EX-5.1 2 d635638dex51.htm EX-5.1 EX-5.1

Exhibit 5.1

[WBD Letterhead]

October 19, 2018

Vulcan Materials Company

1200 Urban Center Drive

Birmingham, AL 35242

Re:        Registration Statement on Form S-4

Ladies and Gentlemen:

We have acted as counsel to Vulcan Materials Company, a New Jersey corporation (the “Company”) in connection with the preparation of the Company’s registration statement on Form S-4 (the “Registration Statement”) under the Securities Act of 1933, as amended (the “1933 Act”), filed by the Company today with the Securities and Exchange Commission (the “Commission”). The Registration Statement relates to the proposed offer and sale by the Company of up to $460,949,000 principal amount of the Company’s 4.70% Notes due 2048 (the “Exchange Notes”) in exchange for a like principal amount of the Company’s outstanding 4.70% Notes due 2048 (the “Original Notes”; such offer and sale, as described more fully in the Registration Statement, the “Exchange Offering”).

The Exchange Notes are to be issued pursuant to the Indenture dated as of February 23, 2018, between the Company and Regions Bank, as trustee (the “Indenture”). This opinion is delivered to you pursuant to Item 601(b)(5) of Regulation S-K of the Commission.

As the Company’s counsel, we have examined originals or copies, certified or otherwise identified to our satisfaction as being true and complete copies of the originals, of the Indenture, the form of the Exchange Notes, the Registration Statement and such other documents, corporate records, certificates of officers of the Company and of public officials and other instruments and documents as we have deemed necessary or advisable to enable us to render the opinions expressed below.

In connection with such examination, we have assumed (i) the genuineness of all signatures and the legal capacity of all signatories; (ii) the authenticity of all documents submitted to us as originals and the conformity to original documents of all documents submitted to us as certified or photostatic copies; (iii) that the Indenture constitutes the enforceable obligation of the trustee; and (iv) the proper issuance and accuracy of certificates of public officials and representatives of the Company.

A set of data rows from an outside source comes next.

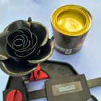 This artwork is built up on a central yellow rose, made out of dripping yellow paint. A yellow rose is a common symbol for jealousy. The yellow paint is dripping from the rose, turning a normal, neutral element into a jealous/envy symbol. All around the rose it is being attacked by nails, symbol for all the influences turning it into a jealous symbol. Added in front is a mouse pointer as a symbol for the influences of everything available online. The cubical is finalised in front and in the back with the english translation of the part of the original texte of Dante on which this artwork is based.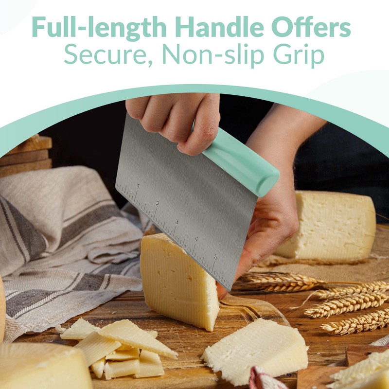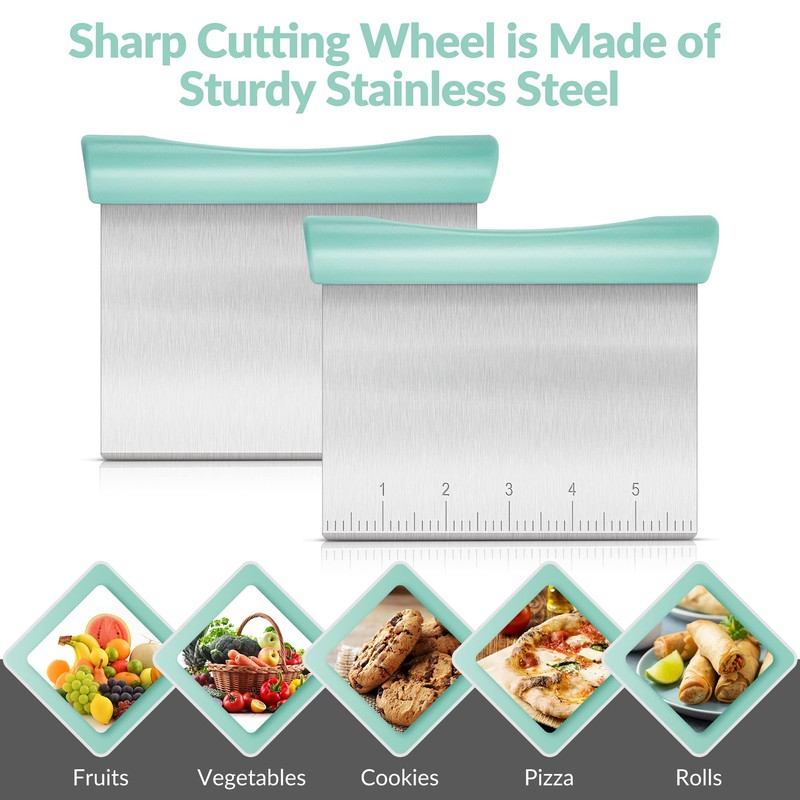 Rainspire Bench Scraper, Stainless Steel Dough Scraper, Pastry Scraper, Pizza and Dough Cutter Multi-Purpose Scraper/Chopper, Pizza Cutter Food Chopper Baking Supplies Kitchen Gadgets, Mint Green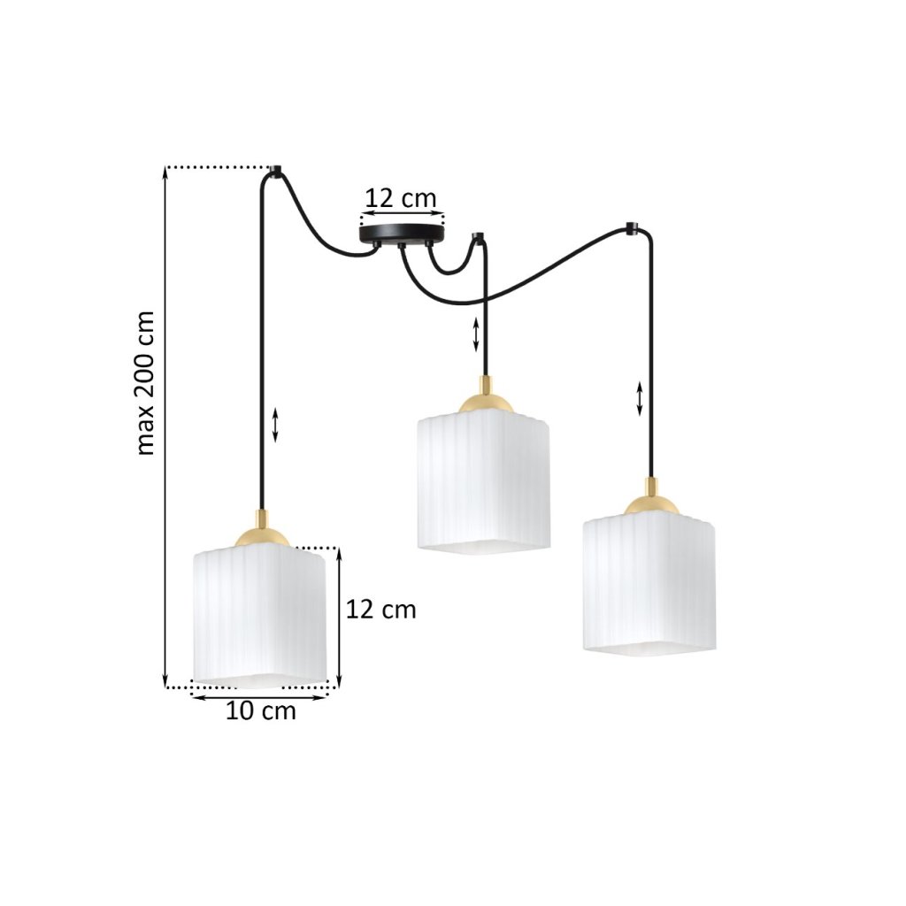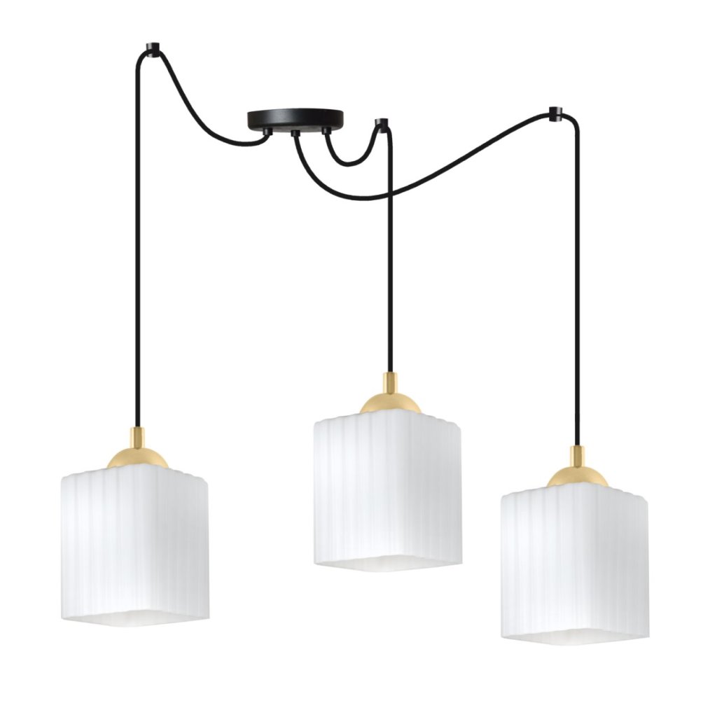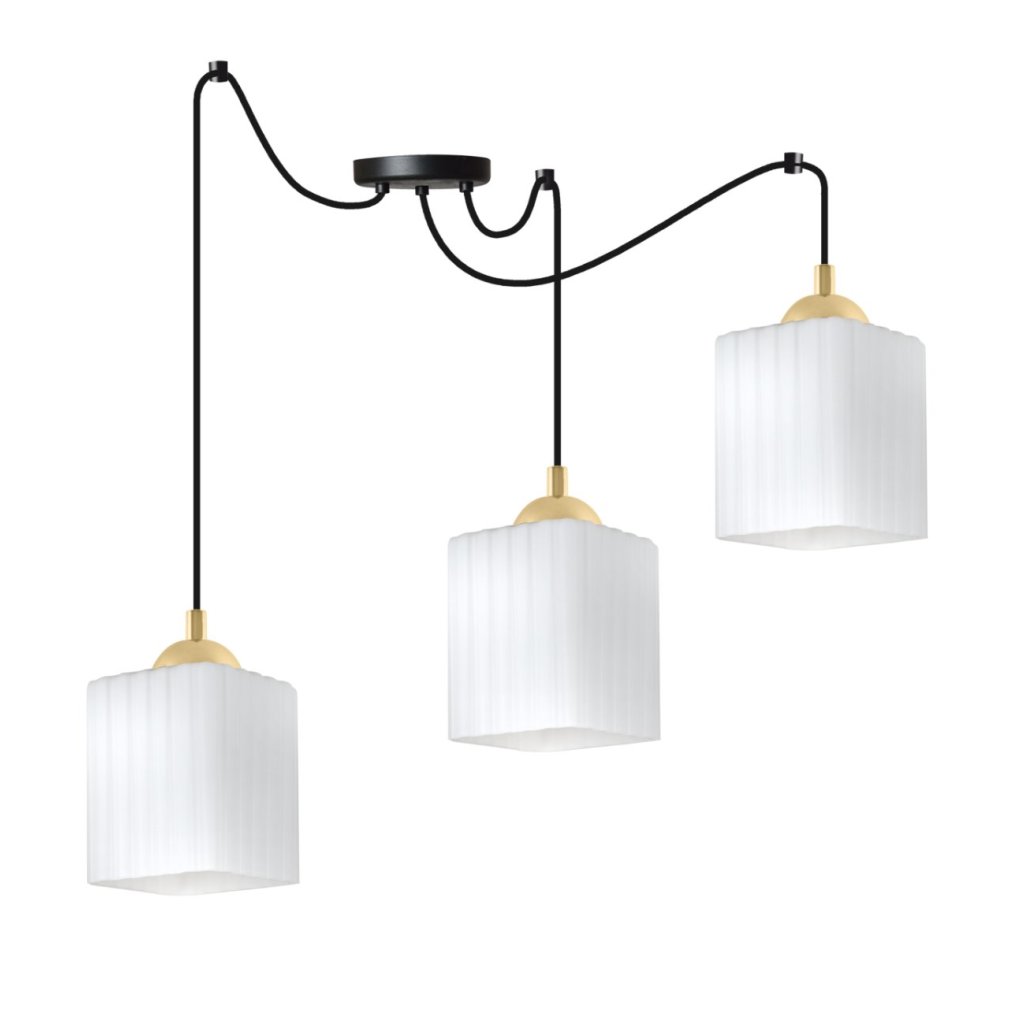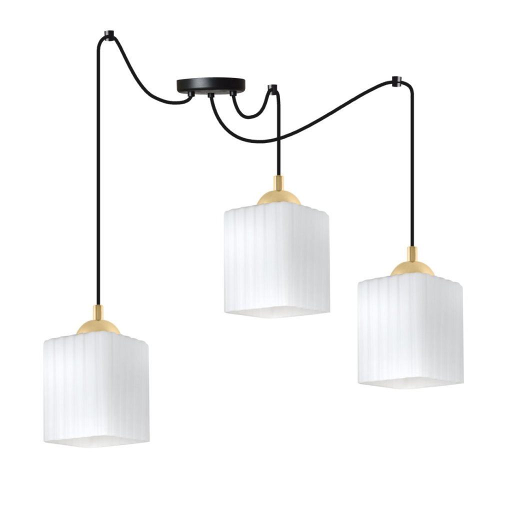 Závěsné svítidlo Riffle Square Spider, 3x bílé skleněné stínítko, b/g

Based on and subject to the foregoing assumptions and the other assumptions contained herein, and having regard for such legal considerations as we deem relevant, it is our opinion that (i) the Exchange Notes will, when duly executed, authenticated, issued and delivered in exchange


for the Original Notes in accordance with the terms and provisions of the Indenture and the Exchange Offering, constitute valid and binding obligations of the Company, enforceable against the Company in accordance with their terms, subject to (a) the effect of any bankruptcy, insolvency, reorganization, moratorium, arrangement or similar laws affecting the rights and remedies of creditors’ generally, including the effect of statutory or other laws regarding fraudulent transfers or preferential transfers, and (b) general principles of equity, including concepts of materiality, reasonableness, good faith and fair dealing and the possible unavailability of specific performance, injunctive relief or other equitable remedies regardless of whether enforceability is considered in a proceeding in equity or at law. We express no opinion regarding the effectiveness of any waiver of stay, extension or usury laws or of unknown future rights or provisions relating to indemnification, exculpation or contribution, to the extent such provisions may be held unenforceable as contrary to federal or state securities laws.

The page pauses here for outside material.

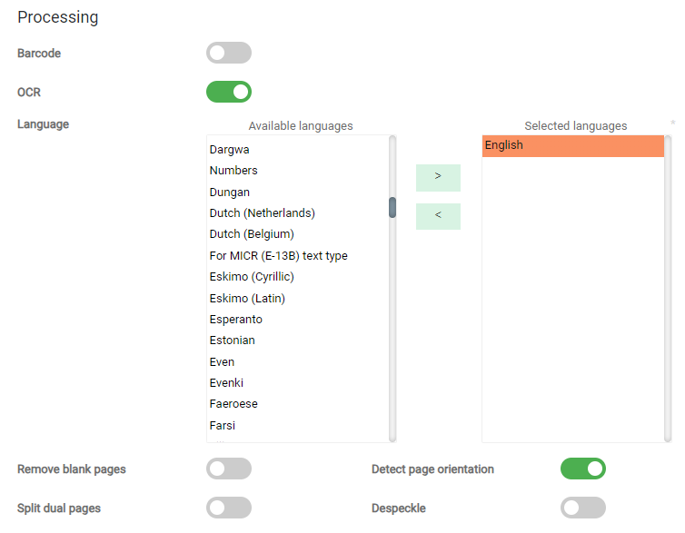 Language – Document languages. OCR processing requires the language setting to recognize the document's text correctly. You can select multiple languages.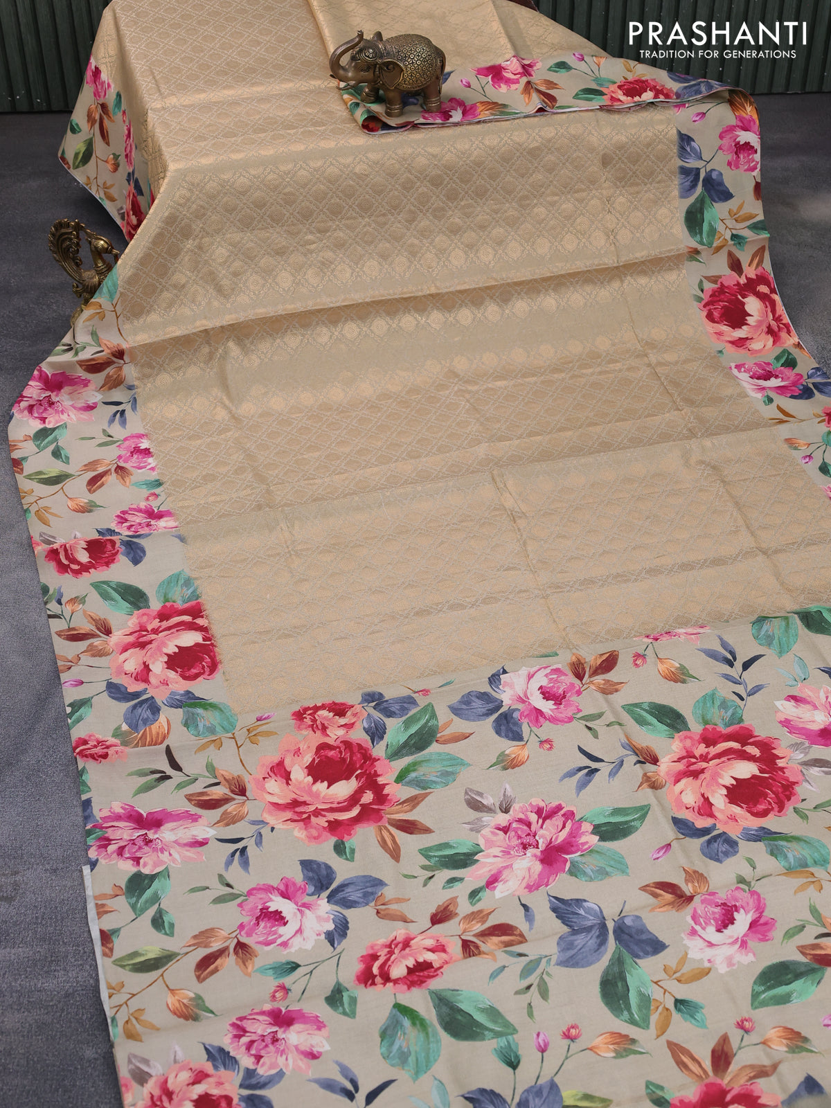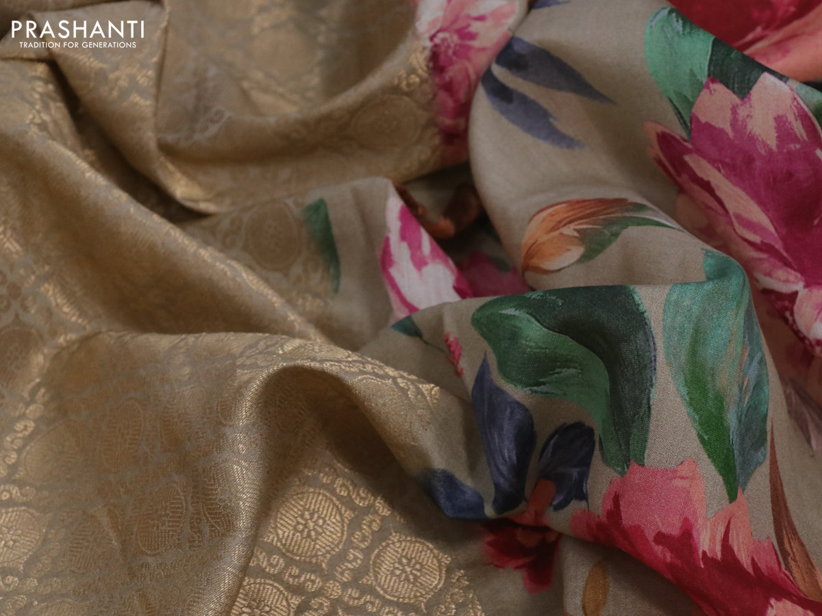 Banarasi silk saree beige with allover zari woven brocade weaves and floral digital printed border

This opinion is limited to the laws of the States of New Jersey and New York, as currently in effect, and we are expressing no opinion as to the effect of the laws of any other jurisdiction.

This opinion is rendered as of the date hereof, and we undertake no obligation to advise you of any changes in applicable law or any other matters that may come to our attention after the date hereof.

This opinion is furnished to you in connection with the filing of the Registration Statement and is not to be used, circulated, quoted or relied upon for any other purpose except that purchasers of the Exchange Notes offered pursuant to the Registration Statement may rely on this opinion to the same extent as if it were addressed to them.

We hereby consent to the filing of this opinion as an exhibit to the Registration Statement and to any reference to the name of our firm in the Registration Statement. In giving this consent, we do not admit that we are in the category of persons whose consent is required under Section 7 of the 1933 Act or the rules and regulations of the Commission thereunder.